The history of the American lawn was driven by technology, desire for social status, and marketing. Its roots are in the estate gardens of the Middle Ages.

In the U.S., green, weed-free lawns were rarely seen before the late 19th century. Prior to this, the front yards of rural U.S. homes featured “gardens” of packed earth and small flowerbeds planted with edible and medicinal plants, watered by buckets (garden hoses weren’t yet invented). At the time, a green lawn in the American front yard was an idea promoted by wealthy travelers to Europe and England who became enamored with the classical Roman-style landscape architecture. This style of landscaping, seen only on the largest estates in Europe, featured enameled meads sloping away from sprawling mansions, much like the landscaping seen at the U.S. White House.

What is an enameled mead?

Green expanses of cultivated grasses first appeared about 900 years ago during the Middle Ages on royal estates in Great Britain and Northern France. Both countries have climates with mild winters and warm, humid summers, ideal for cultivating many different types of grasses. During this era, lawns weren’t always the vast swaths of green grasses we think of as lawns today – they were also “rooms” in a walled garden meant for entertaining or sitting.

An enameled mead is a landscaping technique dating to the Middle Ages in which low-growing perennial flowers are planted in and surrounded by mowed grass, in imitation of a natural meadow. It was none other than England’s King Henry II, who reigned from 1154 to 1189, who it’s believed, first ordered his laborers to slice up tracts of meadow turf and transplant them to his palace gardens.

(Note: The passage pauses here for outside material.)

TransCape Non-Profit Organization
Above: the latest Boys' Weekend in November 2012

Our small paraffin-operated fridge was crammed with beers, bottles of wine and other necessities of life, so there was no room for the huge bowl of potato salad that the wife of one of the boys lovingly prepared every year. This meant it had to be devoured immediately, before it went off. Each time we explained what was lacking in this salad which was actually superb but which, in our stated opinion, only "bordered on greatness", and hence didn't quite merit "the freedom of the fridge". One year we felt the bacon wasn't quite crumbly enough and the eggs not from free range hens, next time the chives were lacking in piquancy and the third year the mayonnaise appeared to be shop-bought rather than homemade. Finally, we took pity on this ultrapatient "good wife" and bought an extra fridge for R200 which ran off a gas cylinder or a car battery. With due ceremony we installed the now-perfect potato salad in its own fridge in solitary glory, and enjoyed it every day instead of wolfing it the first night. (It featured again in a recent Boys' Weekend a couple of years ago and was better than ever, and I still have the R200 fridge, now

Found only on vast estates that could afford the high maintenance, a flowery mead of the Middle Ages included areas of turfgrass from a local meadow with various native perennial flowers, planted methodically inside the grassy areas. An army of gardeners kept the grass mowed low with hand shears and scythes, or grazed by sheep. The flowery mead, often surrounded by hedges within a walled garden, contained elaborate lawns and paths on which people of wealth and royal status strolled, danced, and mingled.

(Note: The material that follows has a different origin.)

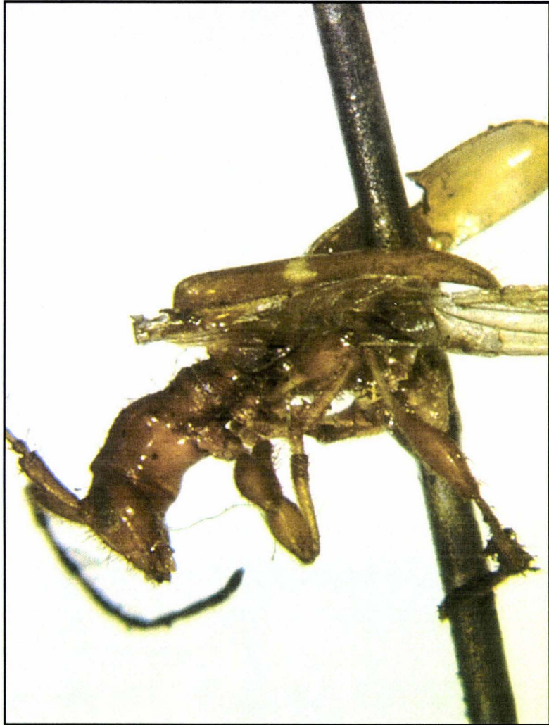
The holotype of Zorion minutum Fabricius 1775 collected by Joseph Banks during the first voyage of Captain Cook to New Zealand, 1769-1771, held at the Natural History Museum, London

Flowers in the enameled mead may have included lily of the valley, poppies, cowslips, primroses, violets, daisies, or daffodils. Later, it evolved to include white clover, chamomile, thyme, yarrow, self-heal, and other groundcover plants and grasses. The flower and grass plantings were called “enameled” because, at a distance, the effect suggested the look of enameled jewelry. This style of landscaping was still in practice on European and English estates in the 18th and 19th centuries and became the envy of wealthy travelers from the U.S.

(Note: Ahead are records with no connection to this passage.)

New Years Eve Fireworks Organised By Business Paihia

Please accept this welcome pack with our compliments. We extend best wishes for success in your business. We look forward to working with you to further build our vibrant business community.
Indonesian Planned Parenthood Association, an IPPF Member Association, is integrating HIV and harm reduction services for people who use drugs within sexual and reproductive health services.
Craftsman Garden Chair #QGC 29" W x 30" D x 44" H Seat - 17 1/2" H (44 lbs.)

How front yard gardens became lawns in the U.S.

In the U.S., having a lawn in the 18th or 19th century, much less mowing it, was not possible for most home gardeners unless they were extraordinarily wealthy. For instance, U.S. President Thomas Jefferson was among the first to incorporate the European style of lawn on his estate at Monticello. Maintaining a lawn became possible in 1830 with the invention of the reel mower when an English engineer named Edwin Budding modified a machine used for cutting the nap on velvet in textile factories. Budding’s reel mower was less than ideal for mowing, as it dug up the soil along with shearing the grass. But others improved upon Budding’s contraption and eventually homeowners of more modest means could maintain a turfgrass lawn with their new reel mower.

With the technology to maintain them, lawns became more common in temperate parts of the U.S. But in drier areas, lawn irrigation was still a challenge until the invention of the garden hose and sprinkler in 1871. Even with these advances, the green, weed-free lawn was yet to take the place of the front yard garden.